» Activity
Below are entries; repeat exactly, and nothing else, the lines from the one holding "천년배움 1인 1자격증 반(컴활 2급, 워드1급) 운영" through the one holding "Ungenaue Angaben in", inclusive. Leave the pictures out.

********************

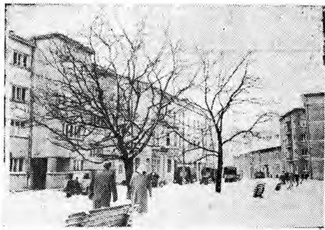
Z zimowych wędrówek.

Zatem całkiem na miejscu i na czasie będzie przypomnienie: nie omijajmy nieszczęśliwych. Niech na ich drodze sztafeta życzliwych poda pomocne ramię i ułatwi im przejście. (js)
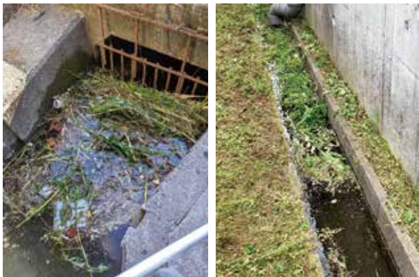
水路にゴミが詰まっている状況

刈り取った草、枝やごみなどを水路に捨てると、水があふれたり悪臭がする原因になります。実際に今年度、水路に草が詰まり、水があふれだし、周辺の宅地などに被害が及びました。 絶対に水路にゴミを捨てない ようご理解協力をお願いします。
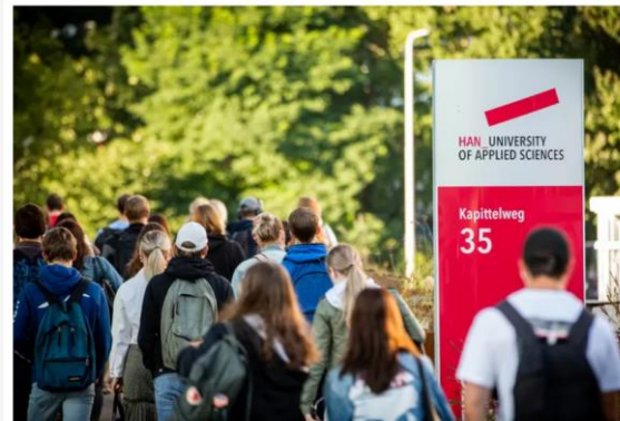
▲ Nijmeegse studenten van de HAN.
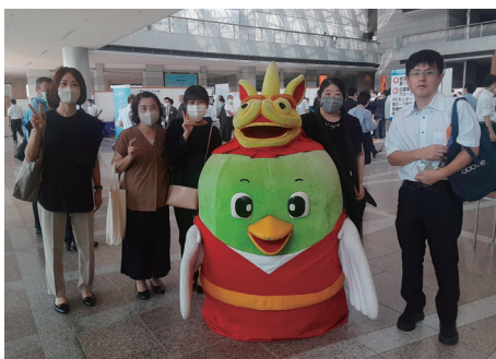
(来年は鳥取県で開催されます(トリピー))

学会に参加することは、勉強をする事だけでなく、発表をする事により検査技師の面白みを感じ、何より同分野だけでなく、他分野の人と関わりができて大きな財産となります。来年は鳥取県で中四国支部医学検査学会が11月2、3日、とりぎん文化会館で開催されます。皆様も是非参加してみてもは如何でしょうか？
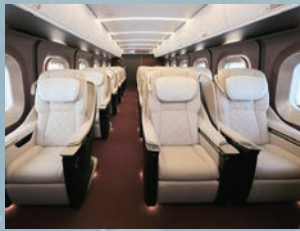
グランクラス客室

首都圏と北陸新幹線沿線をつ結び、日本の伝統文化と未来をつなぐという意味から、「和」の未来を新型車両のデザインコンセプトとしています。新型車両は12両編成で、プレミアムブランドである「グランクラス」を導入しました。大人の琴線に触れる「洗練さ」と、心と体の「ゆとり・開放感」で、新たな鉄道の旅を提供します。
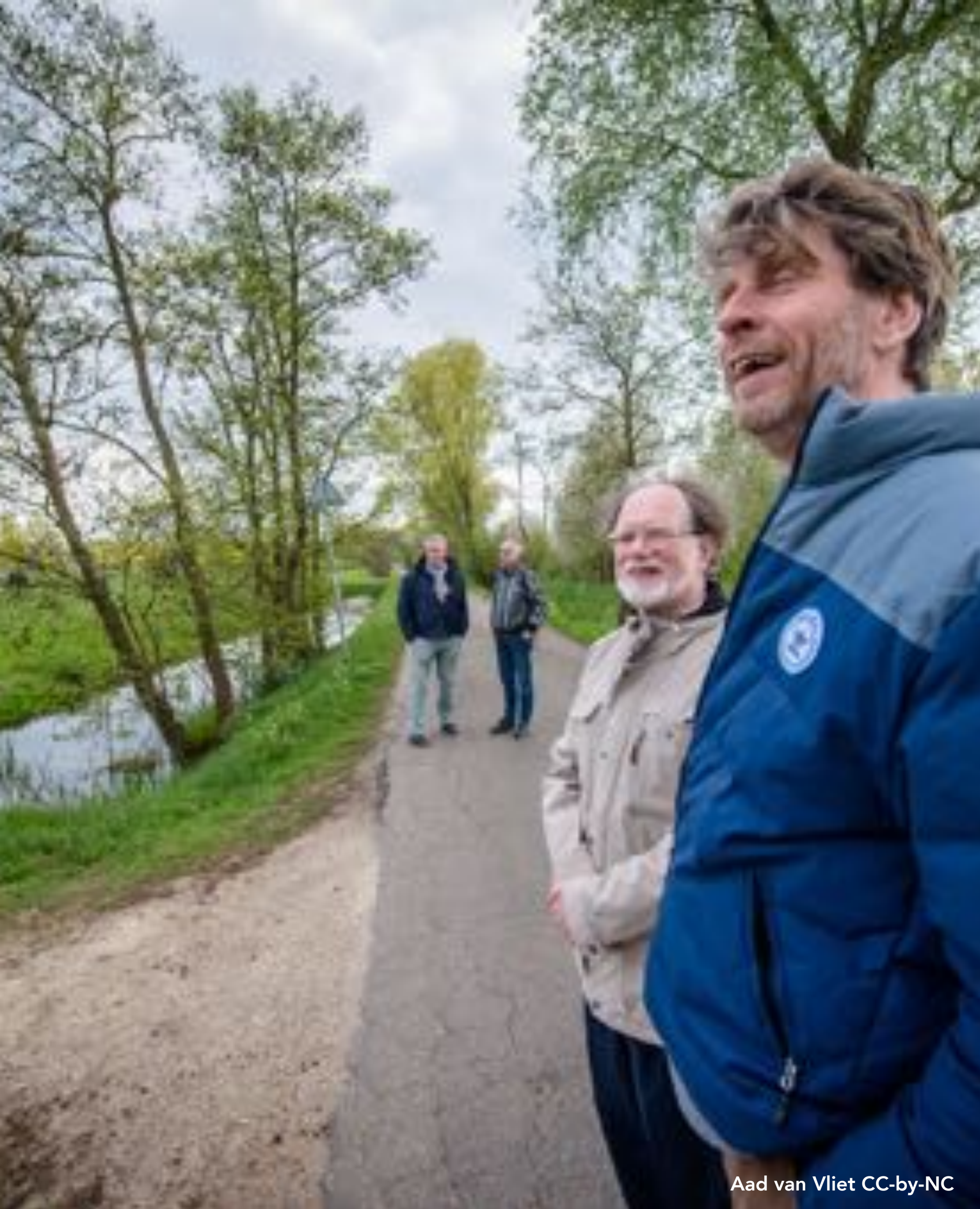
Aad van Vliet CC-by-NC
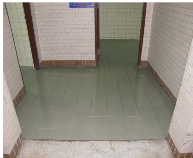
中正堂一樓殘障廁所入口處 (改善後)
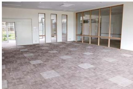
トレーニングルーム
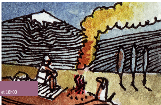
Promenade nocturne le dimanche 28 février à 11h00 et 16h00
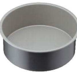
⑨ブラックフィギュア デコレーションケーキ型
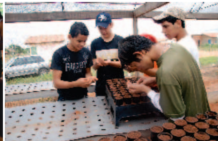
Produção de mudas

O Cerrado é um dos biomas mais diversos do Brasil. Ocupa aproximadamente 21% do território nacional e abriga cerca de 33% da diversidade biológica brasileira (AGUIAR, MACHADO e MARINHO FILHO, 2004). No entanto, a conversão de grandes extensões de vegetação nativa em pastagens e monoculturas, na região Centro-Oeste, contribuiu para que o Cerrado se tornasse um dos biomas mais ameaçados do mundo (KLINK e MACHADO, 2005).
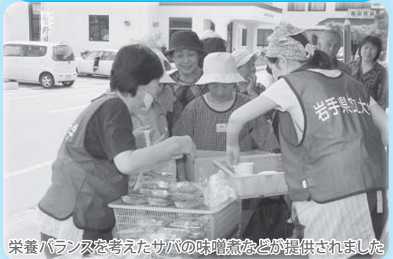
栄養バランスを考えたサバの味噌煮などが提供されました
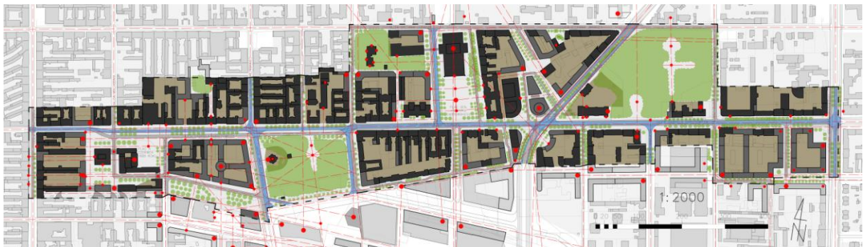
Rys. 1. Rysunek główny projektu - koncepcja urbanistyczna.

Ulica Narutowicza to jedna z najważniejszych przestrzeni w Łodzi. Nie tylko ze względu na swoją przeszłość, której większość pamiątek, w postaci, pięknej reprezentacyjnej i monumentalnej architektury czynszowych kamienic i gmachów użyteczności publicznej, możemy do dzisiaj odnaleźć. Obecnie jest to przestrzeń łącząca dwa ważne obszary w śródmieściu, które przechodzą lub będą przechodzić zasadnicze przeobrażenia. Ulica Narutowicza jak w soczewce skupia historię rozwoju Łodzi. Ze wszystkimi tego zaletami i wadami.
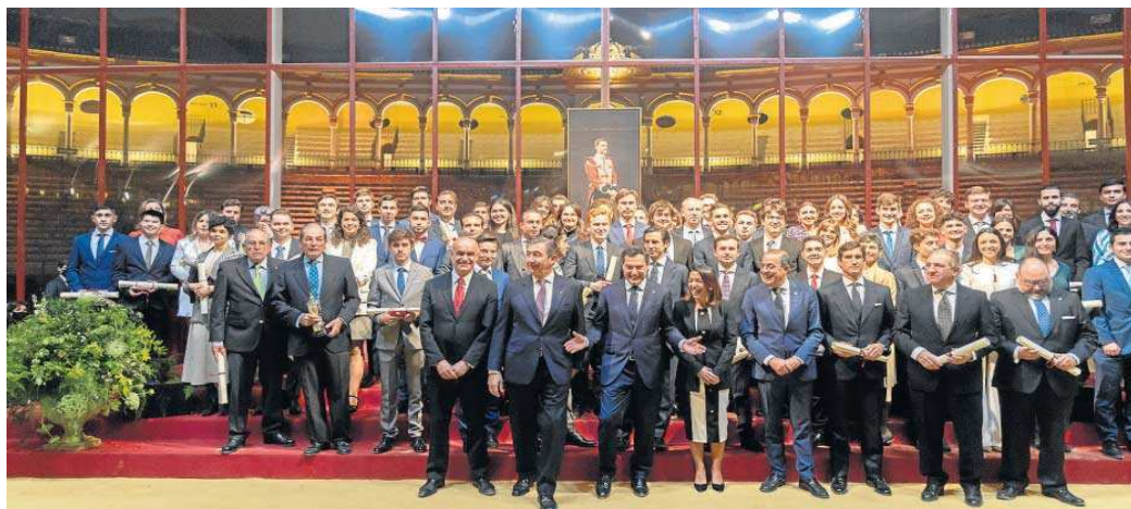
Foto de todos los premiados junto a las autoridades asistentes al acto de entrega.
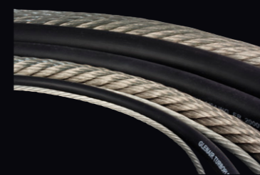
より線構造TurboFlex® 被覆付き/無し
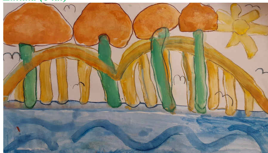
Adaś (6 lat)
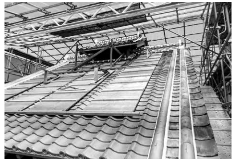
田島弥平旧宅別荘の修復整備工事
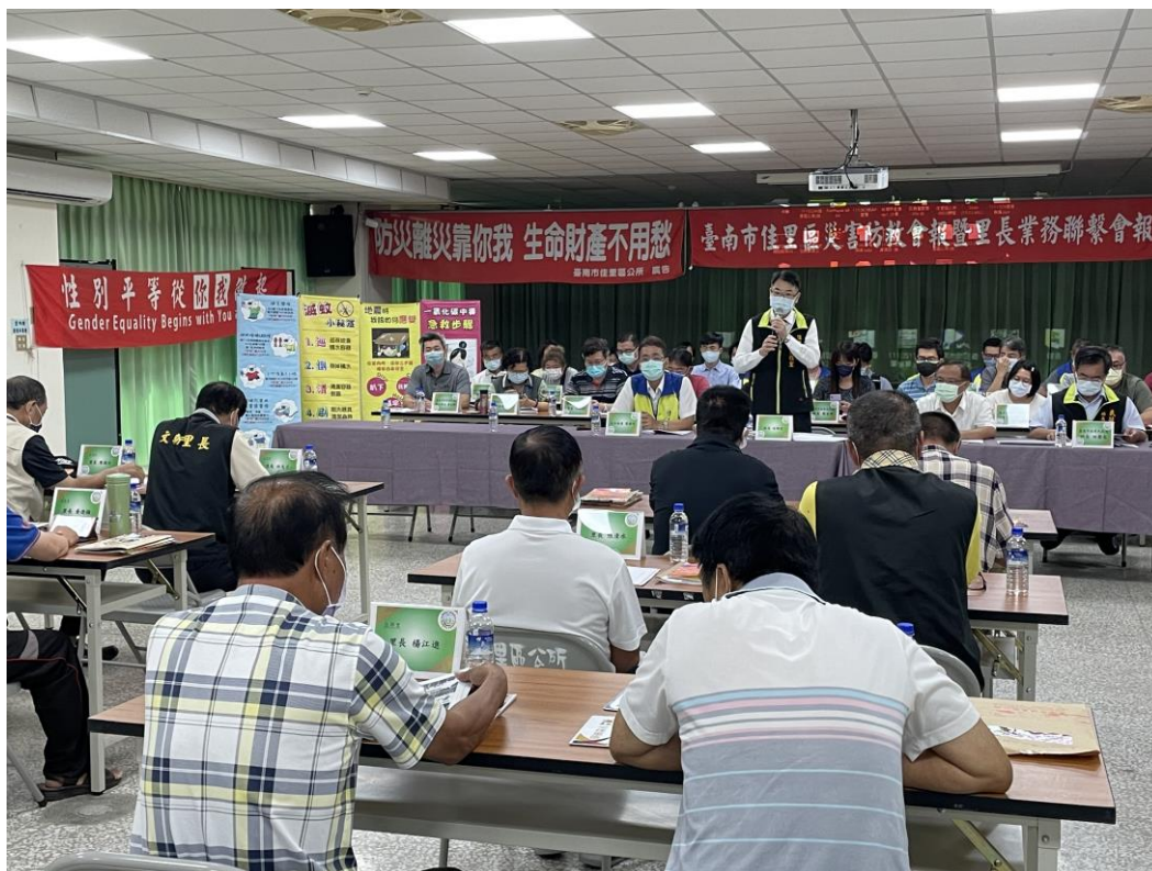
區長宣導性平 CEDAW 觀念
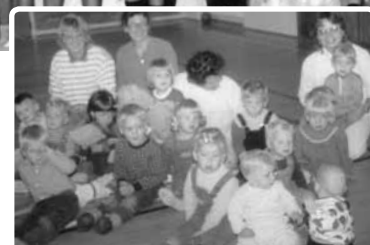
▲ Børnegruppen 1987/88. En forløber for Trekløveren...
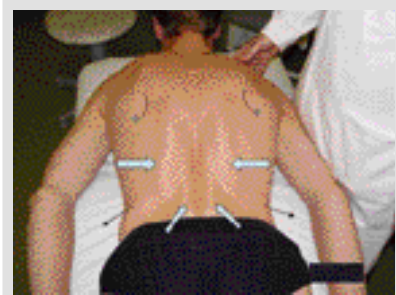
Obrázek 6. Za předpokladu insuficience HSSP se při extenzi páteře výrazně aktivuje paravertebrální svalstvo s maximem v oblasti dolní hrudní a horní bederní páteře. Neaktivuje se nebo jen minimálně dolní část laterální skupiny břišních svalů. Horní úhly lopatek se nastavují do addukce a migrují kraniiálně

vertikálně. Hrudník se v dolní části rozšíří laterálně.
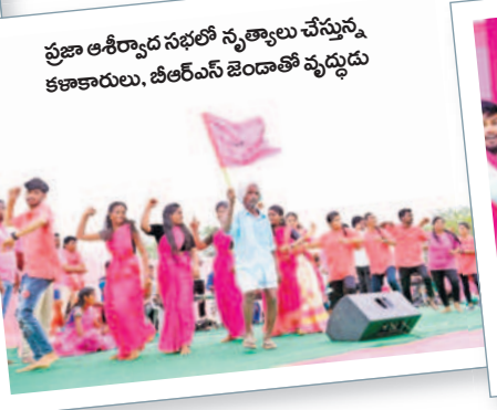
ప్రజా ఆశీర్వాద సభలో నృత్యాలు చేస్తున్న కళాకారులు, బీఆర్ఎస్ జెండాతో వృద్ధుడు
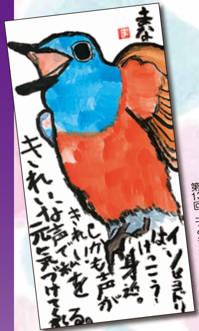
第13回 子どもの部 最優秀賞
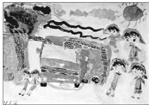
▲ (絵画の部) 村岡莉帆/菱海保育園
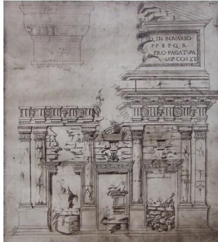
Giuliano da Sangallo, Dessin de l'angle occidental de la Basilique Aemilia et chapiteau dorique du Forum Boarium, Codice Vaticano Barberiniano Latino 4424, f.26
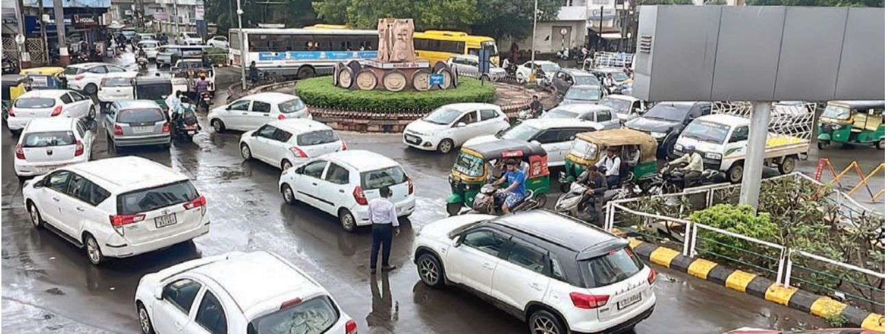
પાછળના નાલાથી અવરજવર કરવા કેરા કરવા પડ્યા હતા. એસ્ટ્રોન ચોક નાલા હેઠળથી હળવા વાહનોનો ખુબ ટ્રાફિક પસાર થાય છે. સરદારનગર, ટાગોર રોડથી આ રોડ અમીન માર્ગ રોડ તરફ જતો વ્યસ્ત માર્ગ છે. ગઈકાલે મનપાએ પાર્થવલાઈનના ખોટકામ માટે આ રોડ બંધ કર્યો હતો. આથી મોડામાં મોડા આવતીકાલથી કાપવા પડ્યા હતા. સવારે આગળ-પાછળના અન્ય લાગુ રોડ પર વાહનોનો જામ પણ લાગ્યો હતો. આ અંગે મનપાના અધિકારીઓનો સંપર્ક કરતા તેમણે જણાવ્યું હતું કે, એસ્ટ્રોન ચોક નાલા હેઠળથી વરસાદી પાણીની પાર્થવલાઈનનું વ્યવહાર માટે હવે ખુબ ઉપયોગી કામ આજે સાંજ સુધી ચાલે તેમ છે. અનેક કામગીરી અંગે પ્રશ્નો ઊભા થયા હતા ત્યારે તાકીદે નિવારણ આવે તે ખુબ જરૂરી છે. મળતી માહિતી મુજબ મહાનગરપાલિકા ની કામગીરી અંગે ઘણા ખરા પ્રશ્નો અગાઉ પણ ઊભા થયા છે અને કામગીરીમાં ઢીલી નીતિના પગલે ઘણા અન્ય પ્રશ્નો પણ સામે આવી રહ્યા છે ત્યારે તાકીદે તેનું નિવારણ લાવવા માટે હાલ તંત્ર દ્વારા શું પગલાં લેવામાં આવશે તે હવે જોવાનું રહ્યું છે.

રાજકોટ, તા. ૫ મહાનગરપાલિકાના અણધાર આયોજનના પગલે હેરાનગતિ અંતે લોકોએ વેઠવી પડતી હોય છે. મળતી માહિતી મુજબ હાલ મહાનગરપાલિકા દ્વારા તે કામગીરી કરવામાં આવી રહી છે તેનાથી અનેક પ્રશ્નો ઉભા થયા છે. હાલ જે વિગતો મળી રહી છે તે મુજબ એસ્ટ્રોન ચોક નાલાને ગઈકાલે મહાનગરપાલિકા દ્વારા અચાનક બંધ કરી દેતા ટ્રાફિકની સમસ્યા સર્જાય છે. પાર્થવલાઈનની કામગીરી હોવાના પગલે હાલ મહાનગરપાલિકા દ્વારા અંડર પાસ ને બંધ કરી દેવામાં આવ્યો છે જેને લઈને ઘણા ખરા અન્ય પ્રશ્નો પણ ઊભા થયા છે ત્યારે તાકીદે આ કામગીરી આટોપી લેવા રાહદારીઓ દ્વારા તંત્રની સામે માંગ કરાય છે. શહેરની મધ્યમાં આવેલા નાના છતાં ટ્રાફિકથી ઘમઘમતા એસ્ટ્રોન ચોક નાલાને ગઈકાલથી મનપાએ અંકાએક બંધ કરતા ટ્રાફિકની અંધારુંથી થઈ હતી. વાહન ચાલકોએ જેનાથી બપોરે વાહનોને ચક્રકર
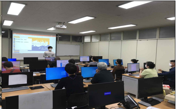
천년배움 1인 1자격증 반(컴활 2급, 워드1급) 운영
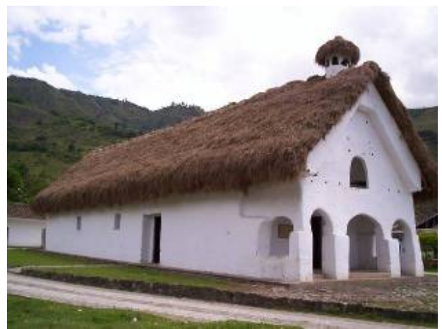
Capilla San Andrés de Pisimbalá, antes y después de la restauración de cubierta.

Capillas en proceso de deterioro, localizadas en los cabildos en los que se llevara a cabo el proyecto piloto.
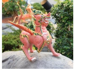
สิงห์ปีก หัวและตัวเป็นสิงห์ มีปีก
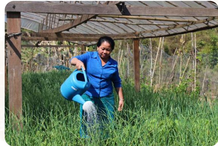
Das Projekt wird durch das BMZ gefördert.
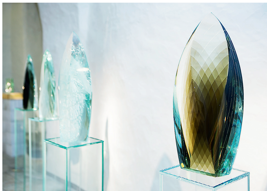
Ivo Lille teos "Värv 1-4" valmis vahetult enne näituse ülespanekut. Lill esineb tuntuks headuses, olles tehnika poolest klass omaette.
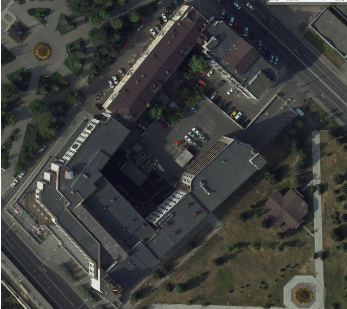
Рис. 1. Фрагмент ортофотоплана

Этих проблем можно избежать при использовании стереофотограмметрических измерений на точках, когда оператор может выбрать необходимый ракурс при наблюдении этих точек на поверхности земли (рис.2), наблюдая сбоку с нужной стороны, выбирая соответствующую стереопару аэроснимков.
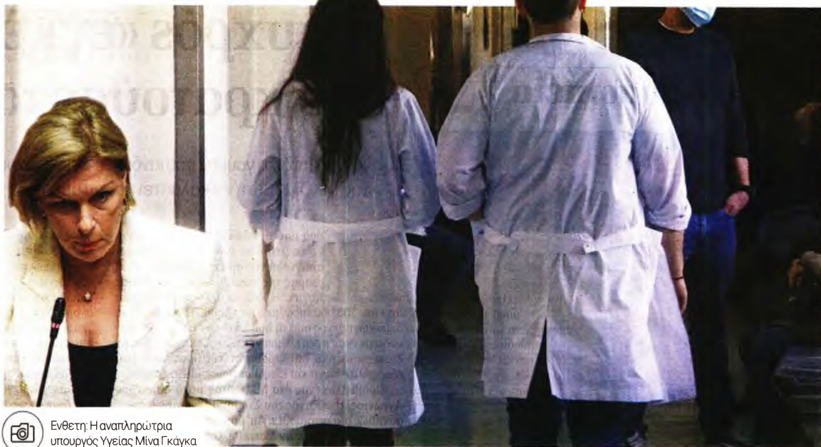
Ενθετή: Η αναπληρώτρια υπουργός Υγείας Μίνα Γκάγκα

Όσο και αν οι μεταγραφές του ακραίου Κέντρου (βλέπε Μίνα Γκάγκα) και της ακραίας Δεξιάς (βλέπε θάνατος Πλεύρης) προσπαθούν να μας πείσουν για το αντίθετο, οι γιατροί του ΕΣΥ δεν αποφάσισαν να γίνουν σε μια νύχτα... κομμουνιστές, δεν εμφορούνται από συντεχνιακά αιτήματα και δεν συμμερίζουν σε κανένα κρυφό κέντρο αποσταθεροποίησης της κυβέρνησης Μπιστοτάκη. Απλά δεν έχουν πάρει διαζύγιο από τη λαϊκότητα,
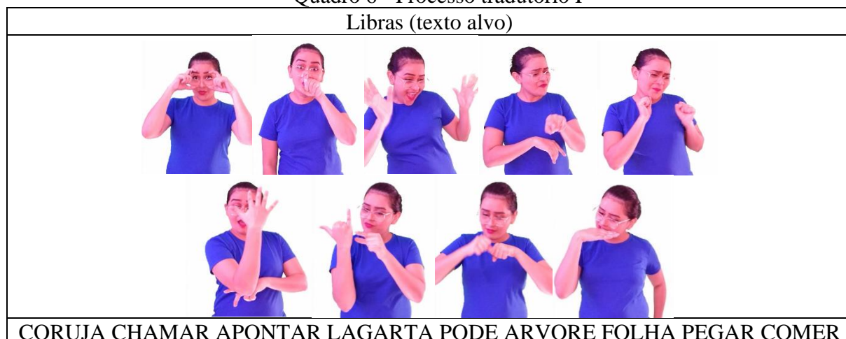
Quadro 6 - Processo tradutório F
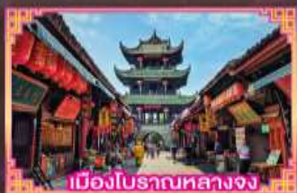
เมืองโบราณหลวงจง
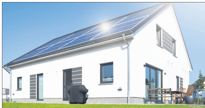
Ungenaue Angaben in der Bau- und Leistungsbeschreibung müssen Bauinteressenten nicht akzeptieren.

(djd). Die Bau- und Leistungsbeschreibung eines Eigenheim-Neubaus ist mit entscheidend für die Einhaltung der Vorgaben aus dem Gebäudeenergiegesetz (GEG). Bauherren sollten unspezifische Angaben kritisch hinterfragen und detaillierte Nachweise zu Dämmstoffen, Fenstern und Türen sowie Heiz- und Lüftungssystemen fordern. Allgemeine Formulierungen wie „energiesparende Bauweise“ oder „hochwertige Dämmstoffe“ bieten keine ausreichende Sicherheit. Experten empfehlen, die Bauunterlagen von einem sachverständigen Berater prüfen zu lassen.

********************

» Result of this exercise
천년배움 1인 1자격증 반(컴활 2급, 워드1급) 운영
Capilla San Andrés de Pisimbalá, antes y después de la restauración de cubierta.

Capillas en proceso de deterioro, localizadas en los cabildos en los que se llevara a cabo el proyecto piloto.
สิงห์ปีก หัวและตัวเป็นสิงห์ มีปีก
Das Projekt wird durch das BMZ gefördert.
Ivo Lille teos "Värv 1-4" valmis vahetult enne näituse ülespanekut. Lill esineb tuntuks headuses, olles tehnika poolest klass omaette.
Рис. 1. Фрагмент ортофотоплана

Этих проблем можно избежать при использовании стереофотограмметрических измерений на точках, когда оператор может выбрать необходимый ракурс при наблюдении этих точек на поверхности земли (рис.2), наблюдая сбоку с нужной стороны, выбирая соответствующую стереопару аэроснимков.
Ενθετή: Η αναπληρώτρια υπουργός Υγείας Μίνα Γκάγκα

Όσο και αν οι μεταγραφές του ακραίου Κέντρου (βλέπε Μίνα Γκάγκα) και της ακραίας Δεξιάς (βλέπε θάνατος Πλεύρης) προσπαθούν να μας πείσουν για το αντίθετο, οι γιατροί του ΕΣΥ δεν αποφάσισαν να γίνουν σε μια νύχτα... κομμουνιστές, δεν εμφορούνται από συντεχνιακά αιτήματα και δεν συμμερίζουν σε κανένα κρυφό κέντρο αποσταθεροποίησης της κυβέρνησης Μπιστοτάκη. Απλά δεν έχουν πάρει διαζύγιο από τη λαϊκότητα,
Quadro 6 - Processo tradutório F
เมืองโบราณหลวงจง
Ungenaue Angaben in der Bau- und Leistungsbeschreibung müssen Bauinteressenten nicht akzeptieren.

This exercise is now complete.